> YOUR TASK
First find the line with "注:帶有接頭的氣體繼電器(俗" in the entries below, then set down exactly every line through the line with "大宗交易:国联民生成交9608.50万元,溢价2.79%(1-5)", that line included.

> SUPPLIED DATA

━━━━━━━━━━━━━━━━

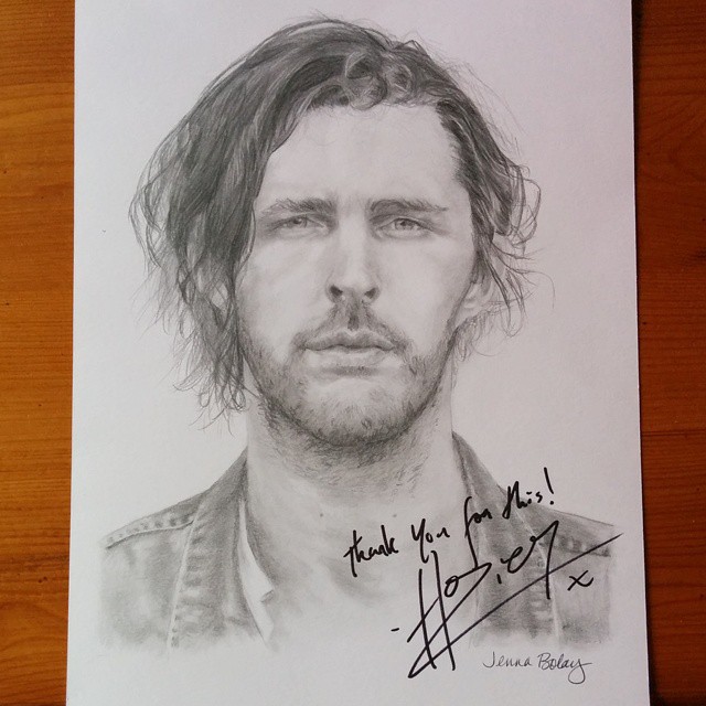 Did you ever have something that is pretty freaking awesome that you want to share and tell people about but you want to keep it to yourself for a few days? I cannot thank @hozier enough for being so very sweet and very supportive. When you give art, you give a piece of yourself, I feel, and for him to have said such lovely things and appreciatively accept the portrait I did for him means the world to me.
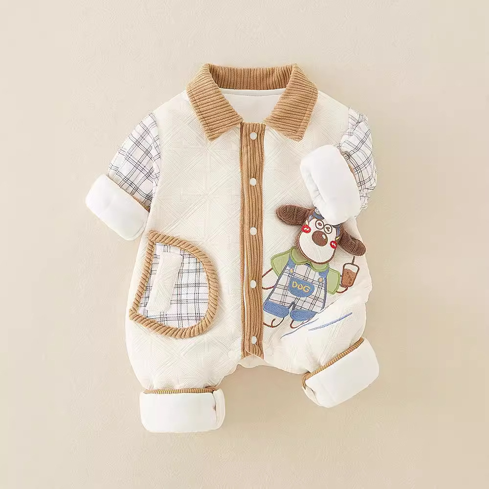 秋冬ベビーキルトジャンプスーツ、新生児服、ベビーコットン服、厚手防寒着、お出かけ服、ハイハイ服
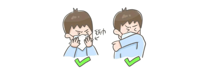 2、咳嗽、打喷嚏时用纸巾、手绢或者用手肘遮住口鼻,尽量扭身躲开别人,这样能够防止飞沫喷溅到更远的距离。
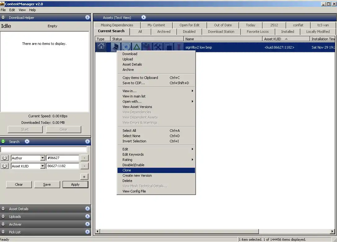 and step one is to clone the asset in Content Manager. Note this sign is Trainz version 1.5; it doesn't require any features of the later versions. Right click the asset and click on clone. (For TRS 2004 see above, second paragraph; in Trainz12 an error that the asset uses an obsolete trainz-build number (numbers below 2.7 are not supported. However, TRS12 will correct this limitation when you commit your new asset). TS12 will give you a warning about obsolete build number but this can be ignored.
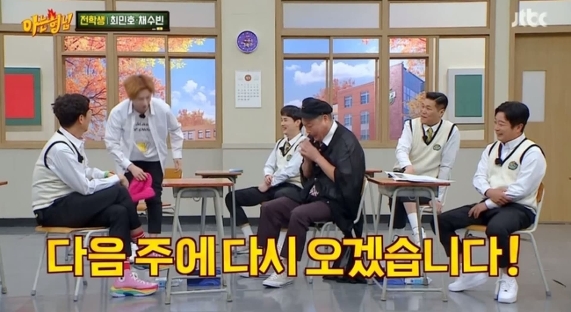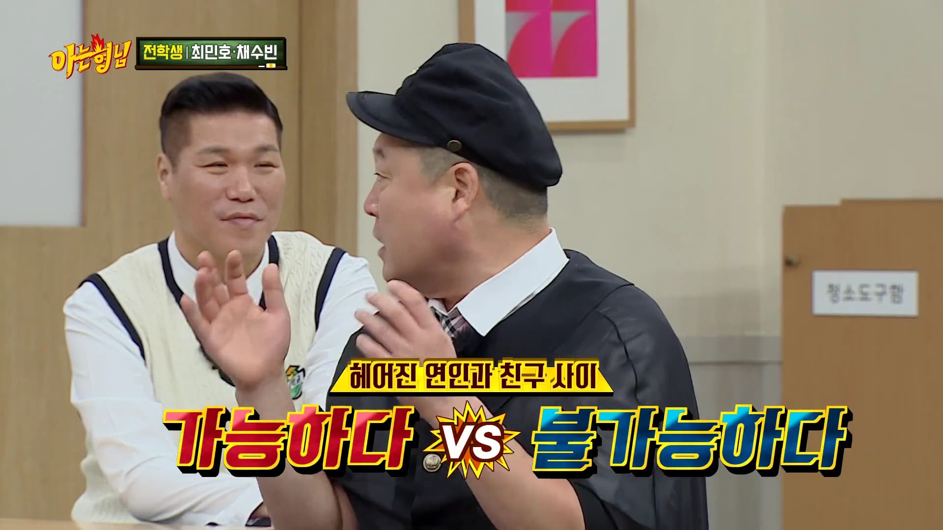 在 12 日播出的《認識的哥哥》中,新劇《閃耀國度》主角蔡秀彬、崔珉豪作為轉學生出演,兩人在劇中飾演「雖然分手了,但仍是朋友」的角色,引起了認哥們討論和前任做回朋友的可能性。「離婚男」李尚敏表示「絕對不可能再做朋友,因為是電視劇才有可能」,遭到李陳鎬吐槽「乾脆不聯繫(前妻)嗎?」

━━━━━━━━━━━━━━━━

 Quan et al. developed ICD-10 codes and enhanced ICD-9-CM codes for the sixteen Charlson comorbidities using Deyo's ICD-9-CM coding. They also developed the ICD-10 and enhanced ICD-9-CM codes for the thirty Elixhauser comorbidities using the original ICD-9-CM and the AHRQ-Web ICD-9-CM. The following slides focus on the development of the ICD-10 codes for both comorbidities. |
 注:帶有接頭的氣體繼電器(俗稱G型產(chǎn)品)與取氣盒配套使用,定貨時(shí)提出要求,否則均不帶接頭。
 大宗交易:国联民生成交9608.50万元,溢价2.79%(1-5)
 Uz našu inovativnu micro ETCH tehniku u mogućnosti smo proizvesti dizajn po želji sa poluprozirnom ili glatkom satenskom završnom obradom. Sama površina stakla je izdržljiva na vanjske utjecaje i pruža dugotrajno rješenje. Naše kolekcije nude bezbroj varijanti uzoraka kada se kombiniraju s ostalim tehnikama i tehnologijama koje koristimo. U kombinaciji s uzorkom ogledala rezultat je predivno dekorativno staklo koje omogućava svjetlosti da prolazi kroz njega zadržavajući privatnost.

━━━━━━━━━━━━━━━━

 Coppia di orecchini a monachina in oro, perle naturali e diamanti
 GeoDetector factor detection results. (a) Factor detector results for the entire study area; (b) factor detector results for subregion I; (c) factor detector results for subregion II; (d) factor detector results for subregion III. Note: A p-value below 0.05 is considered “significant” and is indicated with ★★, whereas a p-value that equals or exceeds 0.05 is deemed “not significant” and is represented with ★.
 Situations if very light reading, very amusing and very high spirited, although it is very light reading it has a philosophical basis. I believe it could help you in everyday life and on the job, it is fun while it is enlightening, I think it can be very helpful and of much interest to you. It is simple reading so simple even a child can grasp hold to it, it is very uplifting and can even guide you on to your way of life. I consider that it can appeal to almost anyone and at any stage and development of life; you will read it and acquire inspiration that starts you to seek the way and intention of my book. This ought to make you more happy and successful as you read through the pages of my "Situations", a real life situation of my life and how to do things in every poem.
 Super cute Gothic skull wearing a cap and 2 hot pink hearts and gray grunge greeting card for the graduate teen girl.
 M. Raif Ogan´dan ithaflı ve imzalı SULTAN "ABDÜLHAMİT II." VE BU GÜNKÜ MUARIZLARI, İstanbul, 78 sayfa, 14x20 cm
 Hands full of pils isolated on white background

━━━━━━━━━━━━━━━━

> WRITTEN ANSWER
 注:帶有接頭的氣體繼電器(俗稱G型產(chǎn)品)與取氣盒配套使用,定貨時(shí)提出要求,否則均不帶接頭。
 大宗交易:国联民生成交9608.50万元,溢价2.79%(1-5)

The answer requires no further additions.